The “garbage in, garbage out” principle is exceptionally true in the SAM world. Even the most sophisticated AI algorithms and the best licensing analysts are worthless if they operate on incomplete or outdated data. This is why comprehensive, automated asset discovery is the absolute, non-negotiable foundation of any mature SAM practice.

The automated discovery process in modern SAM platforms is based on a multi-layered approach to provide the most complete picture of the IT environment:

1 Agent-based Discovery: A small, lightweight “agent” is installed on servers (physical and virtual) and workstations. This agent scans the machine at regular, predefined intervals, collecting detailed information about:

  • Hardware: Processor model, number of cores, amount of RAM (key for licensing metrics).

  • Installed software: List of all installed applications, their versions and editions.
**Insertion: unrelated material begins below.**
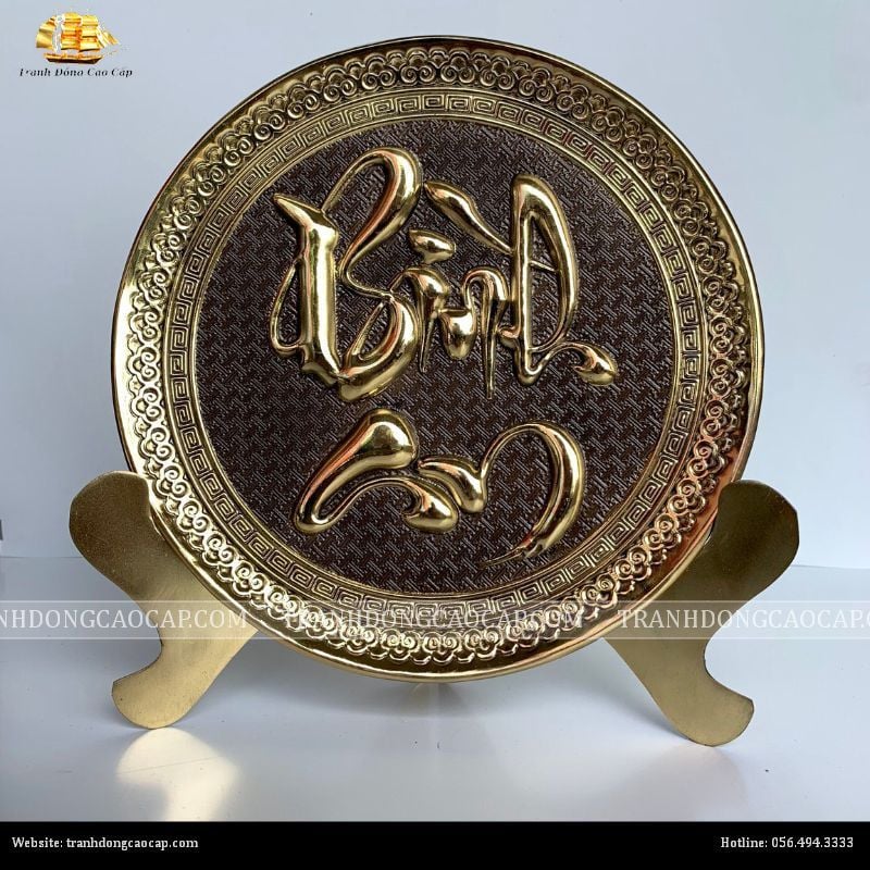 Tranh đĩa chữ Bình An đường kính 21cm nền giả cổ

  • Software usage: Data on which applications are actually running and how often (which is the basis for optimization). Agent-based discovery is the most precise method and provides the richest data set.

2 Agentless Discovery: In cases where agent installation is impossible or undesirable (e.g., on network devices, in secure DMZs), agentless techniques are used. A central scanner remotely connects to devices (e.g. via WMI for Windows, SSH for Linux) and retrieves the necessary data. This is less detailed, but allows coverage of parts of the infrastructure that would be invisible to agents.

3 Integrations with virtualization and cloud systems: modern SAM platforms integrate directly with the APIs of virtualization platforms (e.g. VMware vCenter, Microsoft Hyper-V) and with the APIs of public cloud providers (AWS, Azure, GCP). This allows the collection of data that is invisible from within a single virtual machine, such as:

  • Host-guest relationships: which VMs are running on which physical host (crucial for physical core licensing).

  • Dynamic movement (vMotion): Tracking how virtual machines move between hosts.

  • Cloud configuration information: instance types, regions, auto-scaling settings.

4 Integrations with mobile device management (MDM) and SaaS: To get the full picture, SAM platforms also integrate with MDM systems to inventory software on mobile devices and with SaaS subscription management platforms to track spending and usage of cloud applications.

With this multi-layered approach, the organization gains a single, consistent and always up-to-date repository of data about all its IT assets. This is the “single source of truth” that provides the fuel for all subsequent analytical and optimization processes. Without this foundation, any attempt to build a SAM practice is like building a house on sand.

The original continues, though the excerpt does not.